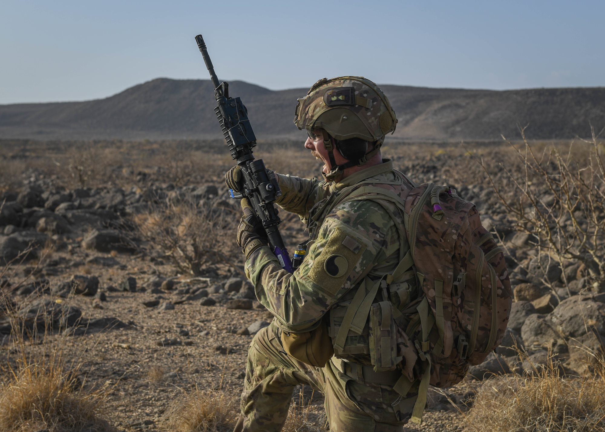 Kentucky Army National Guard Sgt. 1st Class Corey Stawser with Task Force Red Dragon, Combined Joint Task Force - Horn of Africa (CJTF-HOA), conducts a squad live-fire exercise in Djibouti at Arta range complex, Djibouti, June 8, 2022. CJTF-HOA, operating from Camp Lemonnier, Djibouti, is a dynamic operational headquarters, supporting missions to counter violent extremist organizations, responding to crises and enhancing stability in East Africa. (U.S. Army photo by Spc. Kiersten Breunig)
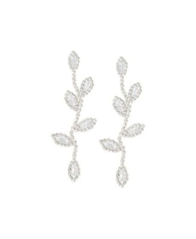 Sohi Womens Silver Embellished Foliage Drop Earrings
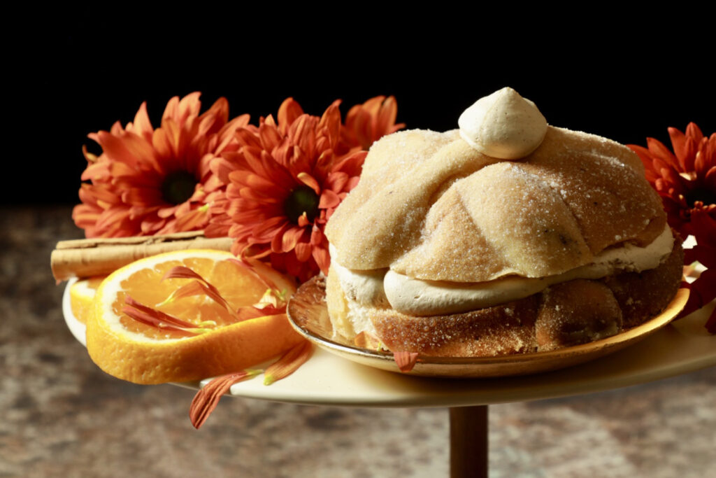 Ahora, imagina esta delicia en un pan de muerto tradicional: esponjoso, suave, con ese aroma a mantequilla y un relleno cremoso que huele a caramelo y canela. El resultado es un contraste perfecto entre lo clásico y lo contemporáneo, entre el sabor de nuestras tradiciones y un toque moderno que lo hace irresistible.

* * *

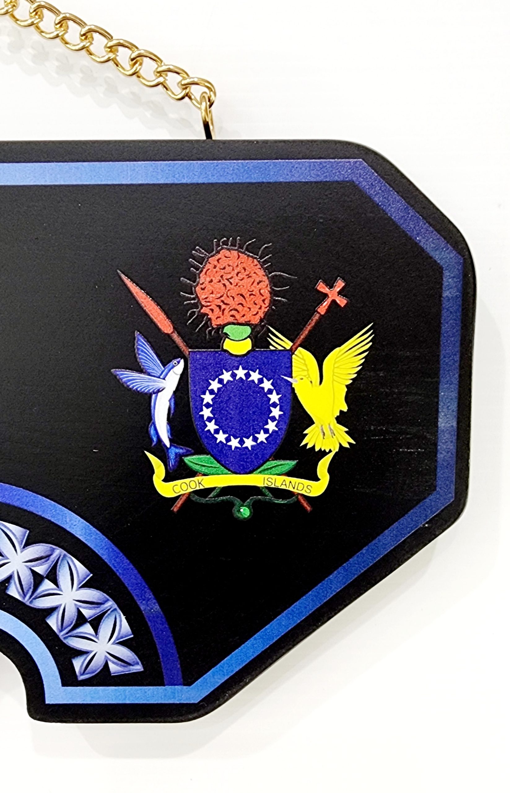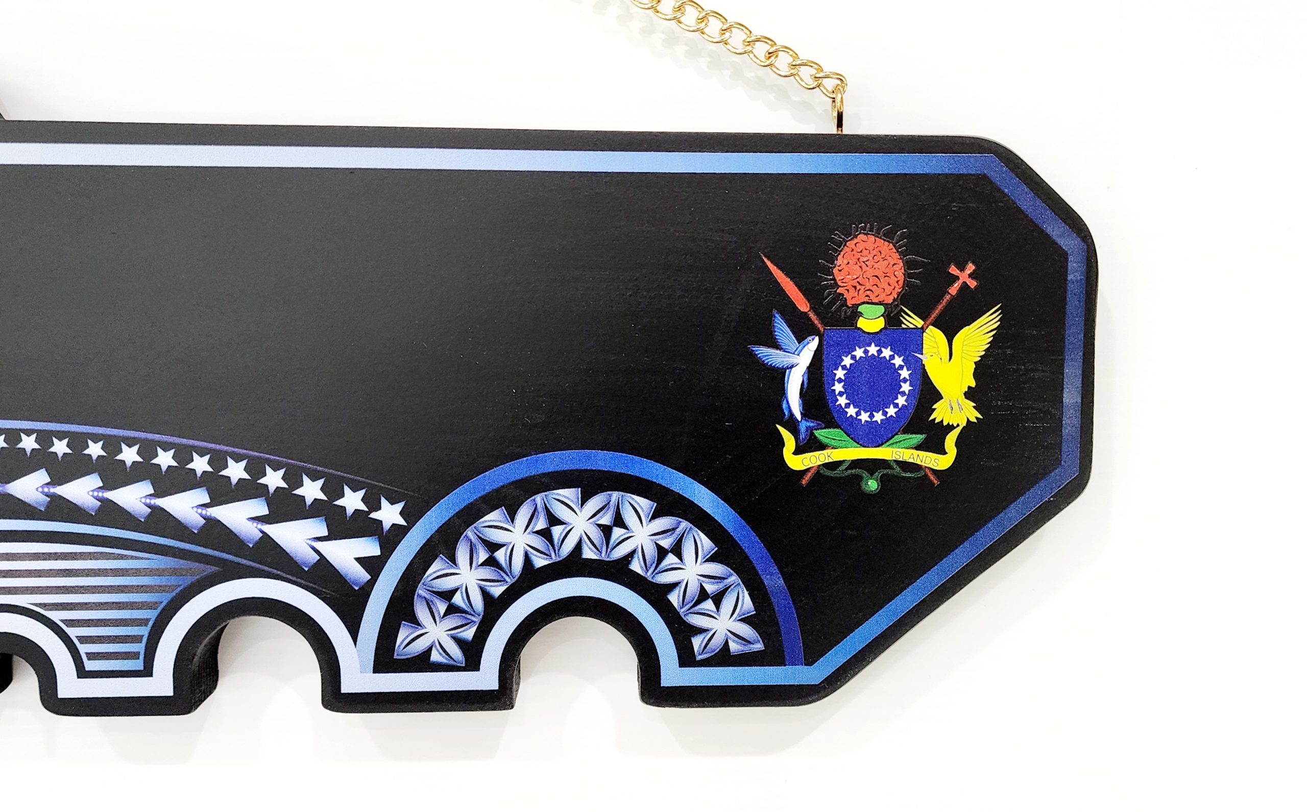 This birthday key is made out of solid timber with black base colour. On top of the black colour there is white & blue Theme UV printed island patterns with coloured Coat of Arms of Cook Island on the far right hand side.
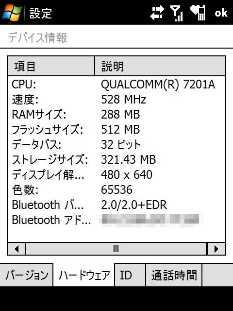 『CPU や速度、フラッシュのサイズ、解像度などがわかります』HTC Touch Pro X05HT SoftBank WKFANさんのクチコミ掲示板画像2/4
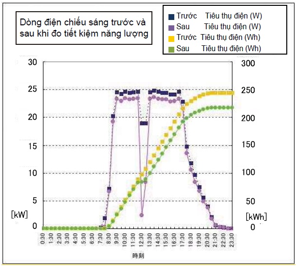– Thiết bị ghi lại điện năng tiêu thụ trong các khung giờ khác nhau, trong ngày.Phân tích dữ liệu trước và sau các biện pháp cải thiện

---

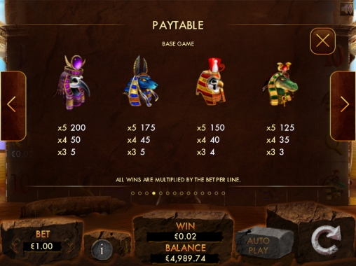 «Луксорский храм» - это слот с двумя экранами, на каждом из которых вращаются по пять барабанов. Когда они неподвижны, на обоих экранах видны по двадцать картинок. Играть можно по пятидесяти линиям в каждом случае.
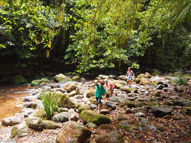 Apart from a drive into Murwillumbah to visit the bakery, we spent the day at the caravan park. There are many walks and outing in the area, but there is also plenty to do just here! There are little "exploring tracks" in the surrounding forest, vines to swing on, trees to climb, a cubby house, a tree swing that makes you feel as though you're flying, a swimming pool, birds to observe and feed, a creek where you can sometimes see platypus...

## INSTRUCTIONS FOR THE TASK
In the entries above, find the line containing "X05HT SoftBank WKFANさんのクチコミ掲示板画像2/4" and the line containing "pháp cải thiện"; give again exactly those two lines and every line between them, minus the pictures.

## TASK RESULT
 『CPU や速度、フラッシュのサイズ、解像度などがわかります』HTC Touch Pro X05HT SoftBank WKFANさんのクチコミ掲示板画像2/4
– Thiết bị ghi lại điện năng tiêu thụ trong các khung giờ khác nhau, trong ngày.Phân tích dữ liệu trước và sau các biện pháp cải thiện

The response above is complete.